Uma das fotos da campanha de inverno da Givenchy é essa aí do lado. A grife francesa contratou nove modelos, entre homens e mulheres, a maioria deles propositalmente bastante andróginos. Um deles é Lea T, que se destaca na foto de ombro desnudo e batom vermelho escuro. É também a única de salto. Isso é importante.
Lea é assistente pessoal de Riccardo Tisci, estilista da marca, que costuma trabalhar com essa relação anti-dicotômica entre masculino e feminino. Apesar da estreita convivência com o mundo da moda, estudava veterinária e aceitou o convite para estrelar a campanha por amizade. A recém-descoberta modelo também desfilou alta-costura para a Givenchy.
Depois disso, foi destaque na Vanity Fair italiana e considerada uma das apostas do momento pela Vogue francesa. Um perfil bem escrito com uma foto corajosa, que tenho minhas dúvidas que a Vogue americana ou a brasileira publicassem. Lea está nua e omite/revela que a nova estrela da agência Women nasceu Leandro.
Quando elogiei a foto em público, vi muitos narizes torcidos. Nos sites que permitem comentários, várias reclamações (sem falar nos religiosos ofendidos de plantão). “A foto é feia”, diziam, ou “só pra chocar”. Evidentemente que o retrato na Vogue não tem a intenção de ser belo nos padrões clássicos pré-estabelecidos. A riqueza está na construção da foto, em que o significado (conteúdo) se sobressai sobre o significante (forma). Num mundo de aparências, Lea aparece exatamente como é: nua, sem maquiagem, cabelos longos, seios femininos e um órgão masculino que tenta esconder (certamente incomoda muito mais a ela do que a você, pudico leitor).

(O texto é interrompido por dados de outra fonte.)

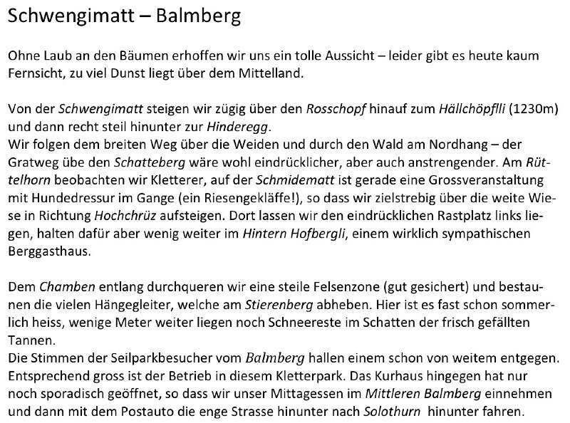 25. April 2010: Schwegimatt - Schmidematt - Balmberg; ca. 4h15

Por que será que incomoda tanto? Talvez porque o corpo seja uma das formas mais efetivas de controle. Foucault falava dos “corpos dóceis”, voltados à disciplina, submissos, controlados. O corpo de Lea T é transgressor. Ao abrigar em si o masculino e o feminino, constrói uma subjetividade que foge dos papéis impostos pelo e ao “sexo biológico” e rompe com normas de comportamento e estética.

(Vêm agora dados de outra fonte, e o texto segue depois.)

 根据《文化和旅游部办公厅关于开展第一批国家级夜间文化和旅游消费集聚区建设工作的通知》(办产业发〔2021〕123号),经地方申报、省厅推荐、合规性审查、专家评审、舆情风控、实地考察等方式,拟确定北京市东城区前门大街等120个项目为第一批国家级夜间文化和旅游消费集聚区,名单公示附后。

O que faz uma mulher? Em entrevistas, Lea conta que fará cirurgia para mudar de sexo e adequar seu corpo a sua psiqué. Como já disse em outro post, o corpo visto como uma dádiva divina e intocável não existe mais. Hoje o corpo é um projeto humano, o que permite até mesmo a mudança de sexo. Sem falar que a questão reascende velhos debates: alma x corpo x razão x natureza. Ainda que inconscientemente, mexer em idéias cristalizadas assusta.
Parabéns a Carine Roitfeld, pela ousadia e por acreditar, além do discurso batido, que, sim, a moda também tem a ver com mentalidades.